Metafora: ReFantazio zadebiutuje w tym tygodniu, z mnóstwem wysokich ocen w recenzjach i poważną szansą na grę roku. RPG od szanowanego wydawcy Atlus to ekscytująca przygoda osadzona w malowniczej, fantastycznej krainie, ale fani studia mogą postrzegać ten nowy tytuł przede wszystkim jako podobny do Persony.
Ze swoją estetyką anime, turową walką i elementami symulacji życia, trudno nie porównywać go do Persona 3 Reload, ale porównanie jest tak często złodziejem radości i błagam cię, abyś nie wchodził do Metaphor: ReFantazio oczekując kolejnej rundy tego, czego spodziewaliśmy się po serii dramatów licealnych. Zwłaszcza jeśli weźmiemy pod uwagę, że jest ona również porównywana do późniejszych tytułów Fire Emblem.
Podobny, ale inny
(Źródło zdjęcia: Atlus / Sega)
Po pierwsze, wcielamy się w najemnika, a nie ucznia szkoły, który dorabia jako bohater. Podczas gdy nasz protagonista w Metaforze staje w obliczu prześladowań nie do końca podobnych do Jokera z Persony 5 – traktowany jako wyrzutek społeczny pomimo braku własnej winy – znormalizowana przemoc w Zjednoczonym Królestwie Euchronii tworzy opresyjny nastrój. To nieustannie niebezpieczne życie, różniące się od podziału 50/50 bycia Phantom Thief.

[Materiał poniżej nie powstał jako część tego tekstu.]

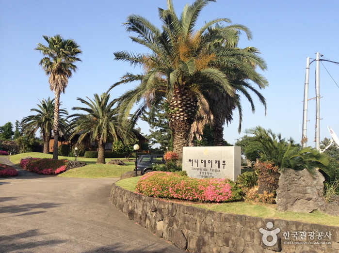 제주 대포동 해안가에 위치한 자연친화적 통나무집으로 설계된 써니데이제주 펜션은 중문관광단지를 비롯한 다양한 관광지와 근접해 있고 제주의 정취를 느낄 수 있는 곳이다. 모든 객실의 감귤색의 불빛은 따뜻하고 온화한 느낌을 나게 해며 안정감 있게 편안한 심리상태로 쉴 수 있도록 설치되었다. 외부의 모습은 독특한 개인 별장의 느낌을 나게 하며 별장 주변에 심어져 있는 큰 야자수들이 이국적인 느낌을 더해준다.
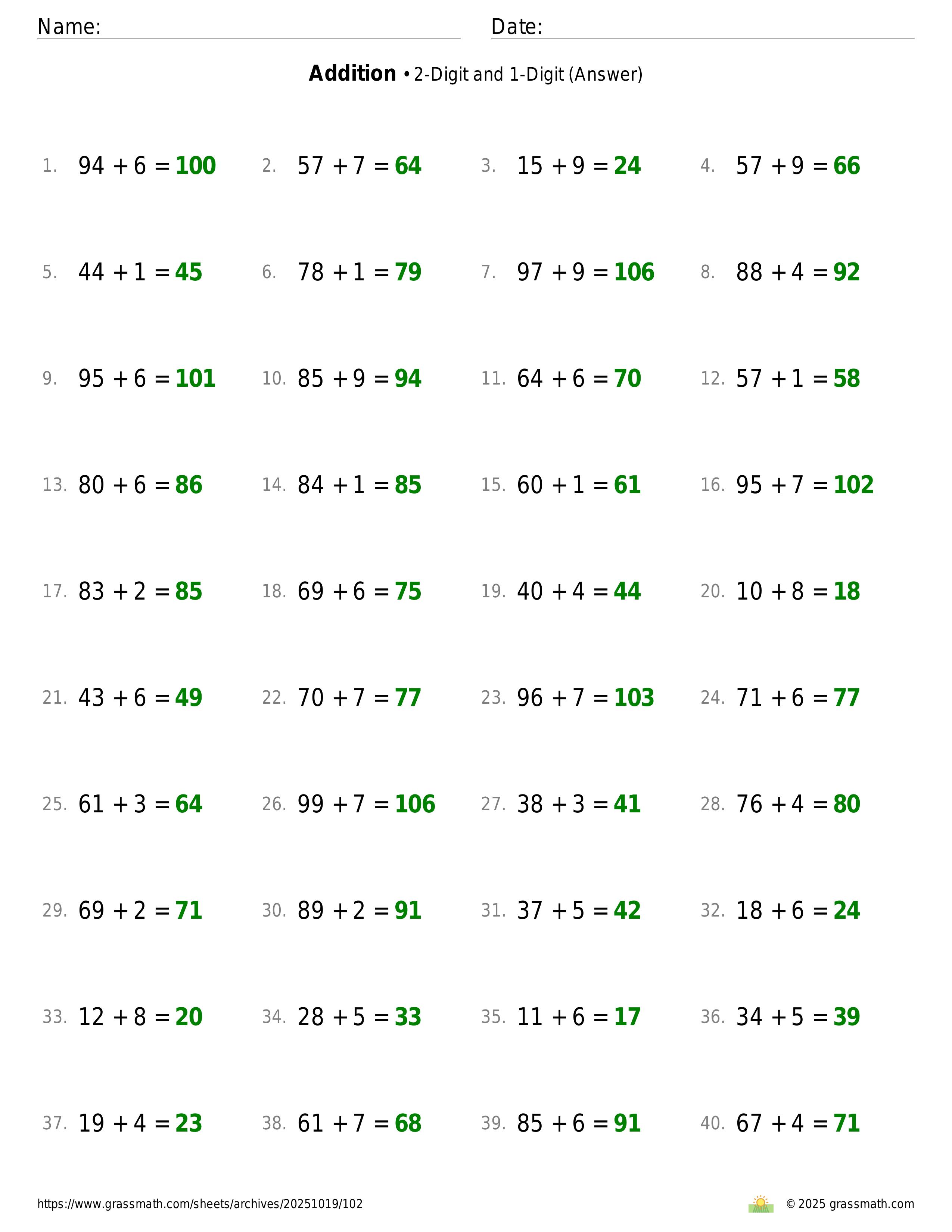 Addition 2-Digit and 1-Digit

Główna sceneria jest również znaczącym odejściem od symulowanej Japonii z gier Persona. Euchronia to inspirowany baśniami świat pełen przepięknych lokacji, które dorównałyby Final Fantasy. Ale choć piękny, jest to raj wypełniony horrorami dzięki średniowiecznemu poziomowi przemocy i cierpienia, które napotykasz. To nie jest Tokio.
Fantastyczne fantasy
(Źródło zdjęcia: Atlus / Sega)
Recenzja Metaphor ReFantazio: „Ewolucja najlepszych gier RPG firmy Atlus”
Jest jeszcze ścieżka dźwiękowa. Jazzpop symulowanego Tokio w P5 nie pasowałby do klasycznej scenerii Euchronii, więc naturalnie muzyka przybiera bardziej orkiestrowy styl. Rozległe smyczki dodają królewskiego charakteru widokom zdobiącym świat Metaphor w grze, a intonowany motyw bitewny wzmacnia powagę każdej walki.

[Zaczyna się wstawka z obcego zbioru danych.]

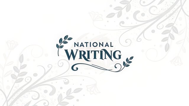 National Writing Day Elegant Banner with Floral Accents on Clean White Background.
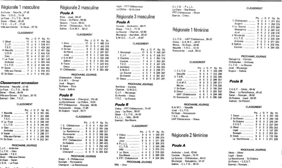 Saison 1986-1987 : Résultats et Classements après la Journée du 9 Novembre 1986 des Championnats Régionaux

Być może najbardziej zauważalnym krokiem odchodzącym od ustalonych urządzeń serii Persona jest Metaphor: Opcje romansowe ReFantazio, w takim stopniu, w jakim ich nie ma. Zalotne dialogi pojawiają się tu i ówdzie, ale elementy randkowe z Reload nie dotarły z nami do Euchronii.
Metafora: ReFantazio zadebiutuje w tym tygodniu, z mnóstwem wysokich ocen w recenzjach i poważną szansą na grę roku. RPG od szanowanego wydawcy Atlus to ekscytująca przygoda osadzona w malowniczej, fantastycznej krainie, ale fani studia mogą postrzegać ten nowy tytuł przede wszystkim jako podobny do Persony.
Ze swoją estetyką anime, turową walką i elementami symulacji życia, trudno nie porównywać go do Persona 3 Reload, ale porównanie jest tak często złodziejem radości i błagam cię, abyś nie wchodził do Metaphor: ReFantazio oczekując kolejnej rundy tego, czego spodziewaliśmy się po serii dramatów licealnych. Zwłaszcza jeśli weźmiemy pod uwagę, że jest ona również porównywana do późniejszych tytułów Fire Emblem.
Podobny, ale inny
(Źródło zdjęcia: Atlus / Sega)
Po pierwsze, wcielamy się w najemnika, a nie ucznia szkoły, który dorabia jako bohater. Podczas gdy nasz protagonista w Metaforze staje w obliczu prześladowań nie do końca podobnych do Jokera z Persony 5 – traktowany jako wyrzutek społeczny pomimo braku własnej winy – znormalizowana przemoc w Zjednoczonym Królestwie Euchronii tworzy opresyjny nastrój. To nieustannie niebezpieczne życie, różniące się od podziału 50/50 bycia Phantom Thief.
Główna sceneria jest również znaczącym odejściem od symulowanej Japonii z gier Persona. Euchronia to inspirowany baśniami świat pełen przepięknych lokacji, które dorównałyby Final Fantasy. Ale choć piękny, jest to raj wypełniony horrorami dzięki średniowiecznemu poziomowi przemocy i cierpienia, które napotykasz. To nie jest Tokio.